Queda poco por contar.
Una noche, sentado con la cabeza entre las manos, temblando hasta los pies, apareció un hombre ante él y dijo: “he sido enviado por… (y aquí pronunció el nombre amado) para darte consuelo”. Luego, sacando un gastado libro del bolsillo de su largo impermeable, se sentó y leyó hasta el amanecer. Luego desapareció sin una palabra. Algo después apareció nuevamente a la misma hora, con el mismo libro, y esta vez sin preámbulos se sentó y lo leyó todo de nuevo, toda la noche. Luego despareció sin una palabra. Así, de tanto en tanto, sin anuncio, volvía a aparecer para leer la triste historia toda de nuevo, durante toda la noche. Y luego desparecía sin una palabra.

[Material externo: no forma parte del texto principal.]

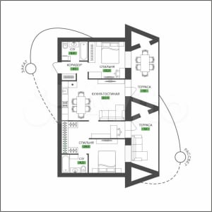 Это не просто квартира, а аналог частного дома. Квадратная кухня-гостиная с выходом на террасу становится настоящей территорией релакса. Мастер-спальня со своим санузлом и отдельной террасой.

Sin nunca cambiar una palabra, terminaron siendo uno solo. Hasta que la noche llegó al fin cuando, habiendo cerrado el libro y estando el amanecer cercano, en vez de desaparecer se sentó sin una palabra. Finalmente dijo: “tengo orden de… (y aquí pronunció el nombre amado) de ya no volver aquí”. “Vi el rostro amado y escuché las palabras silenciosas”. “No hay necesidad de acudir a él nuevamente, incluso si pudieras”.
Así la triste historia fue contada una última vez, y se sentaron como si se hubieran convertido en piedra. Por la solitaria ventana, el amanecer no arrojaba luz. Desde la calle no llegaba ningún sonido de despertares. ¿O era que, sumidos quién sabe en qué pensamientos, no prestaban atención? A la luz del día. A sonidos de despertares. Qué pensamientos, quién sabe. Pensamientos no, no pensamientos. Abismos de consciencia. Sumidos y quién sabe qué abismos de consciencia. De inconsciencia. Donde no puede llegar ninguna luz. Ningún sonido. Sentados como si se hubieran convertido en piedra. La triste historia contada una vez más.
Ya no queda nada por contar.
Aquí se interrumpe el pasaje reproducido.